Bug 24642 - Gold missing armv8 from may_use_v5t_interworking() results in less efficient v4t stubs
Summary: Gold missing armv8 from may_use_v5t_interworking() results in less efficient ...
Status: UNCONFIRMED
Alias: None
Product: binutils
Classification: Unclassified
Component: gold (show other bugs)
Version: unspecified
: P2 normal
Target Milestone: ---
Assignee: Cary Coutant
URL:
Keywords:
Depends on:
Blocks:
 
Reported: 2019-06-06 13:38 UTC by Peter Smith
Modified: 2019-06-06 13:38 UTC (History)
1 user (show)

See Also:
Host:
Target:
Build:
Last reconfirmed:


Attachments

Note You need to log in before you can comment on or make changes to this bug.
Description Peter Smith 2019-06-06 13:38:53 UTC
In arm.cc the code that permits v5t interworking instructions is missing a case for TAG_CPU_ARCH_V8 and the various V8_M mainline and baseline. As --fix-arm1176 is the default this means that gold is using v4t stubs for arm v8 cpus. This is not a problem for correctness but v4t stubs and the non-use of BLX is likely to have a measurable code-size and performance impact.

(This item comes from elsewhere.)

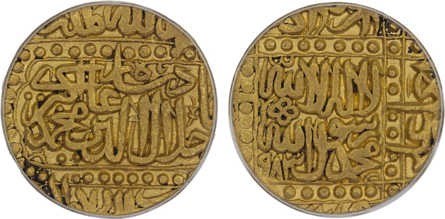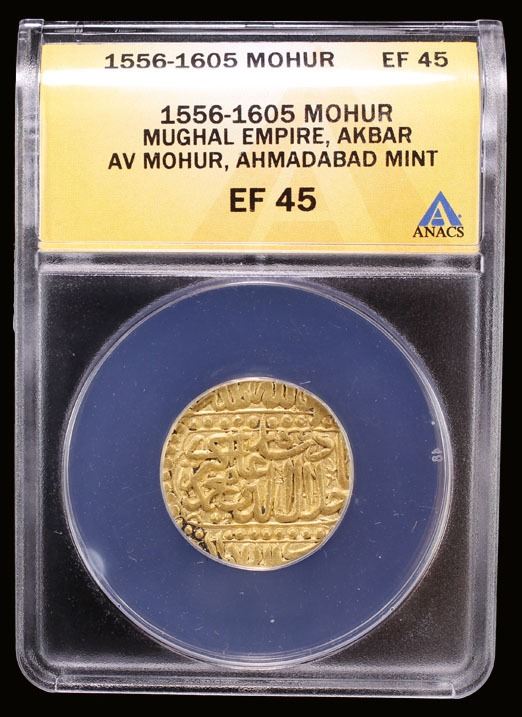 MUGHAL: Akbar I, 1556-1605, AV mohur, Ahmadabad, AH983, KM-108.2, elongated lozenge // plain square, pelleted borders around both fields, ANACS graded EF45.

This can be worked around with -fno-fix-arm1176 but it should be simple to fix.

  // Whether we have v5T interworking instructions available.
  bool
  may_use_v5t_interworking() const
  {
    Object_attribute* attr =
      this->get_aeabi_object_attribute(elfcpp::Tag_CPU_arch);
    int arch = attr->int_value();
    if (parameters->options().fix_arm1176())
      return (arch == elfcpp::TAG_CPU_ARCH_V6T2
	      || arch == elfcpp::TAG_CPU_ARCH_V7
	      || arch == elfcpp::TAG_CPU_ARCH_V6_M
	      || arch == elfcpp::TAG_CPU_ARCH_V6S_M
	      || arch == elfcpp::TAG_CPU_ARCH_V7E_M);
    else
      return (arch != elfcpp::TAG_CPU_ARCH_PRE_V4
	      && arch != elfcpp::TAG_CPU_ARCH_V4
	      && arch != elfcpp::TAG_CPU_ARCH_V4T);
  }


A reproducer:
// call.c
extern void func1(void);

void func2(void) {
    func1();
}
arm-linux-gnueabihf-gcc call.c -mthumb -o call.so --shared -fuse-ld=gold -march=armv8-a -fpic

arm-linux-gnueabihf-objdump -d --no-show-raw-insn call.so
000004c0 <func2>:
 4c0:	push	{r7, lr}
 4c2:	add	r7, sp, #0
 4c4:	bl	4cc <func2+0xc>
 4c8:	nop
 4ca:	pop	{r7, pc}
 4cc:	bx	pc
 4ce:	nop			; (mov r8, r8)
 4d0:	stmia	r0!, {}
 4d2:	b.n	14 <_init-0x344>
 4d4:	blx	40f5f0 <_end+0x40d5c3>
 4d8:	mrc2	15, 5, pc, cr4, cr15, {7}

You can see the "bx pc" followed by "nop" of the v4t stub. 

The stmia is Arm instructions disassembled as Thumb because there is no mapping symbol to inform the disassembler that the state has changed.